Bei der Ausgabeart des Buches handelt es sich um eine Klappbroschur mit 608 Seiten. Auf der vorderen Klappe befinden sich einige Zitate, welche die Hauptfigur beschreiben, auf der hinteren Klappe wird die Autorin mit einem Foto und einer kurzen Biografie vorgestellt. Außerdem wird auf beiden Klappen das Federmotiv des Covers aufgegriffen. Das Innere der vorderen und hinteren Klappen ist einem dunklen grün gehalten und es werden die einzelnen Figuren der Geschichte aufgeführt. Die Handlung des Buches beginnt nach einem Zitat von Leonardo da Vinci mit dem ersten Kapitel „Die Flucht“, welches im November 1494 ansetzt. Besonders schön fand ich, dass jedes Kapitel mit einer Feder illustriert und in Szene gesetzt ist. Das 15. und letzte Kapitel spielt im Jahr 1505 an, der Epilog im Jahr 1519 – somit umfasst die gesamte Handlung – inklusive des Epilogs – etwa 25 Jahre, wobei die Haupthandlung zwischen 1494 und 1505 stattfindet. Dem Epilog schließt sich ein ausführliches und sehr interessantes Nachwort der Autorin an. Die Geschichte wird chronologisch und sehr spannend und einfühlsam erzählt. Zu Beginn wechseln sich die beiden Hauptfiguren (Lisa und Leonardo) kapitelweise ab, in ungefähr der Mitte des Buches treffen sich ihre Lebenswege.
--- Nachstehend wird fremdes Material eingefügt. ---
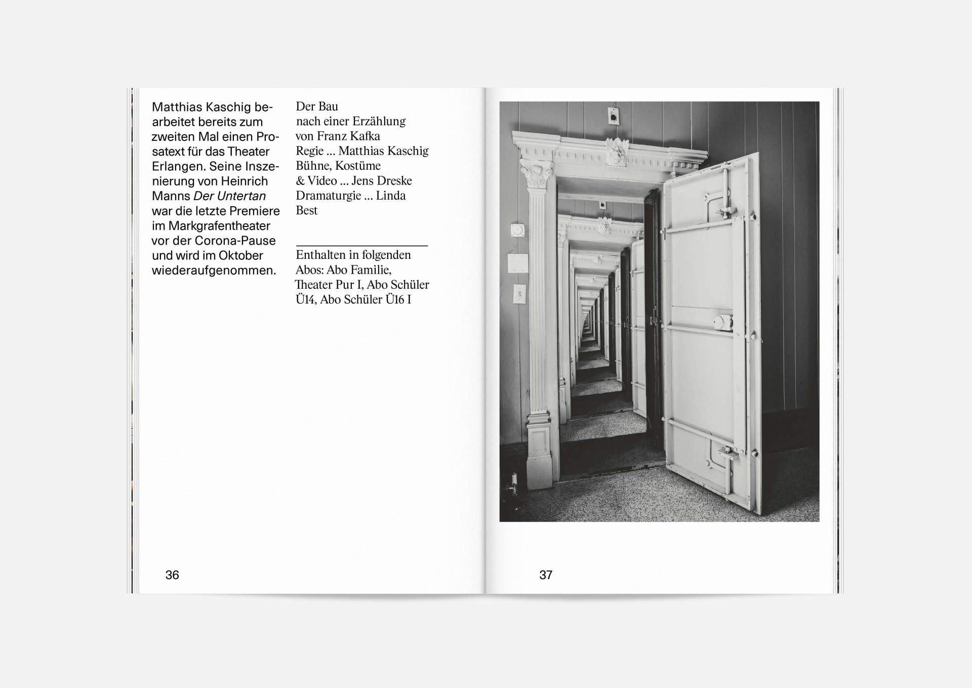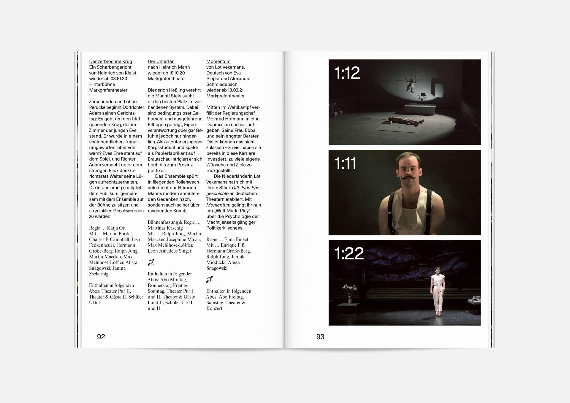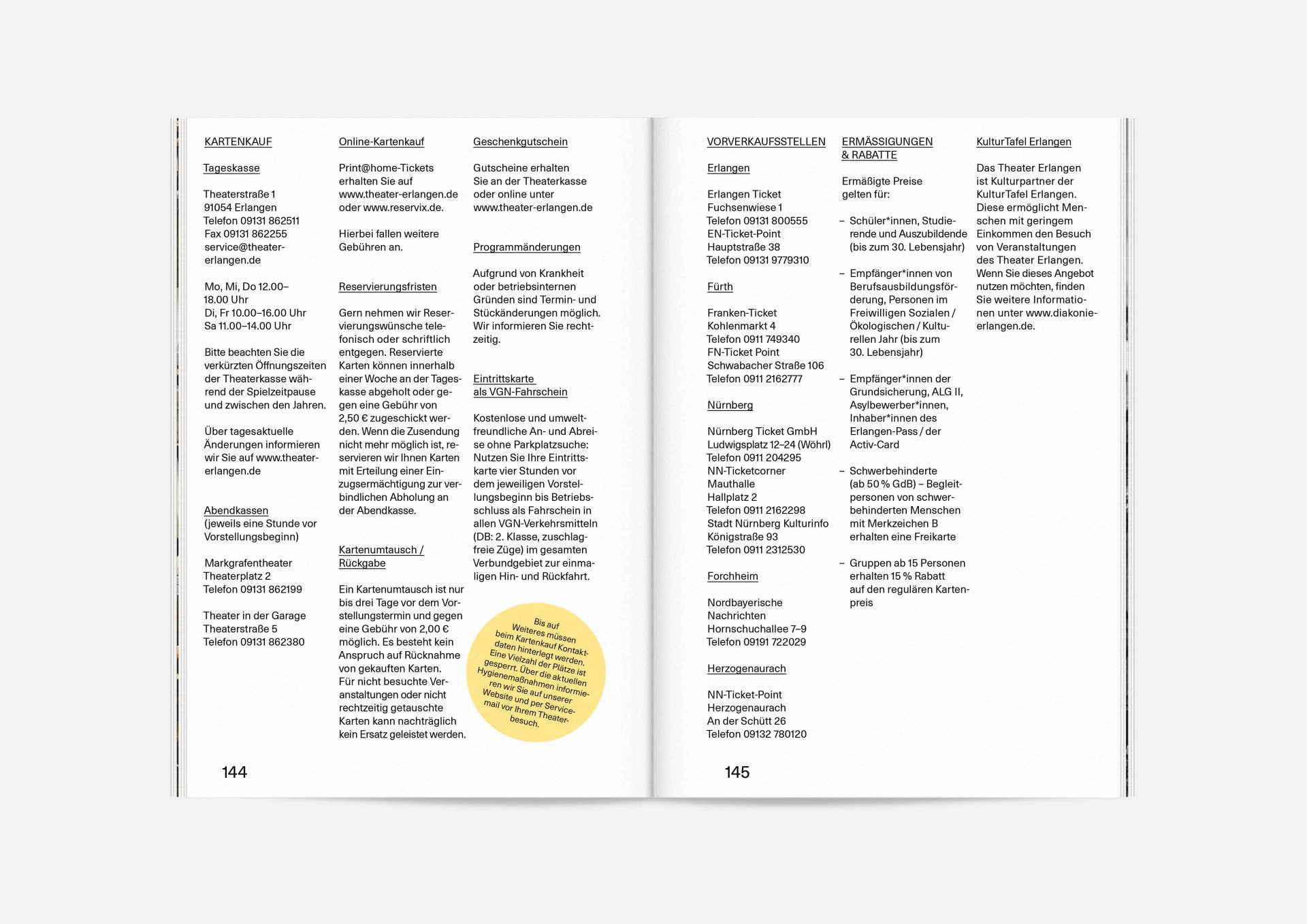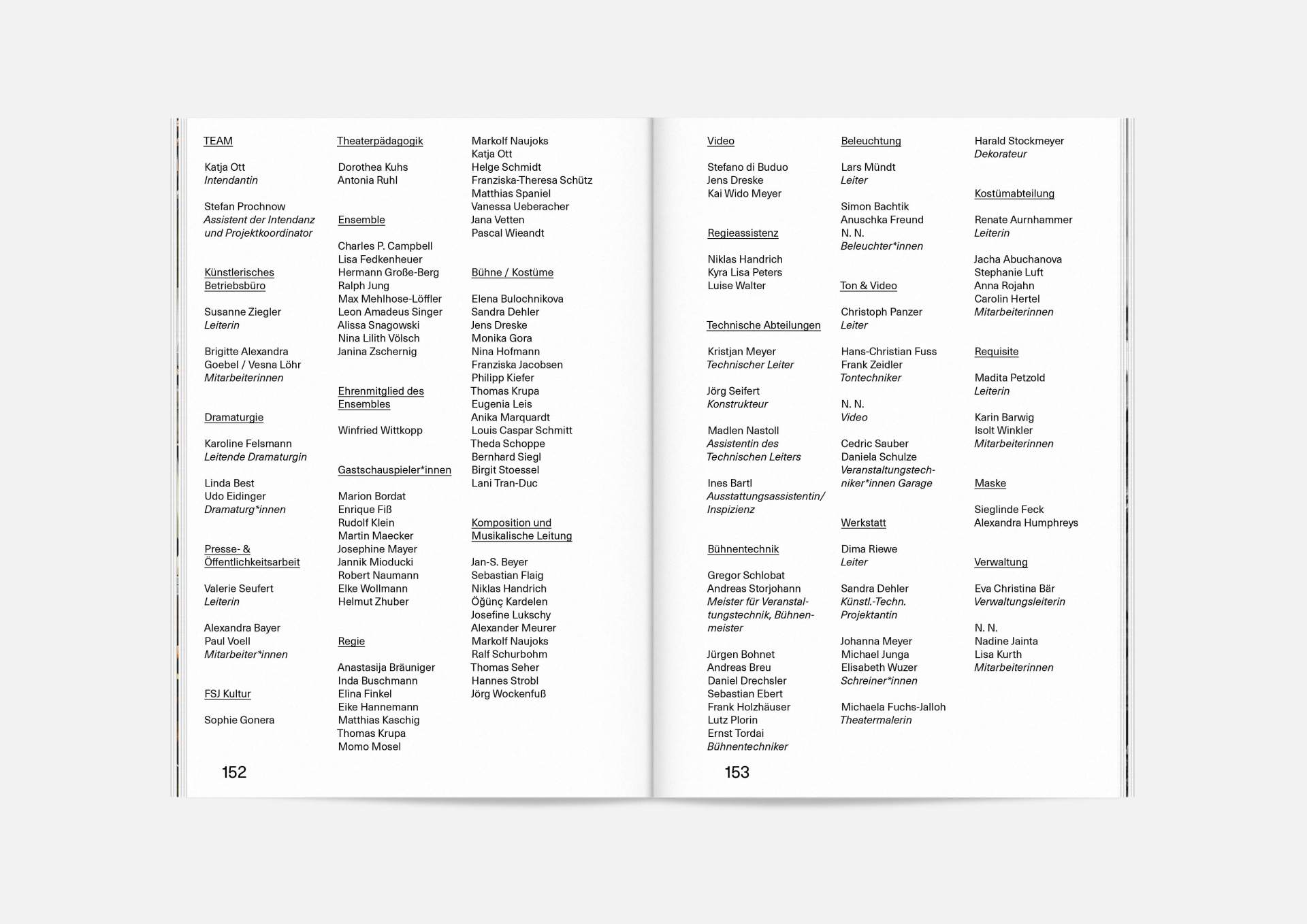 The program booklet is available for the current season 2020/21. Softcover, format 165 × 240 mm, 162 pages, font type Neue Haas Unica Pro, printed on recycled paper.

Beate Rygiert baut, zusammen mit ihrem bildhaften und wunderschönen Sprachstil ab der ersten Seite eine immense Spannung auf. Zudem beschreibt ihre vielen und vielfältigen Figuren so detailliert und liebevoll, dass ich zu diesen sofort eine Beziehung aufbauen konnte. Schnell merkte ich, dass ich mir mit diesem Buch einfach Zeit lassen wollte, um die gesamte intensive Atmosphäre des Buches in mich aufzunehmen und die Figuren richtig kennenzulernen. Deshalb las ich die insgesamt 608 Seiten mit Bedacht und Genuss. Nach der letzten Seite fiel es mir dementsprechend sehr schwer, Abschied von all den liebgewonnen Figuren und der gesamten Geschichte zu nehmen.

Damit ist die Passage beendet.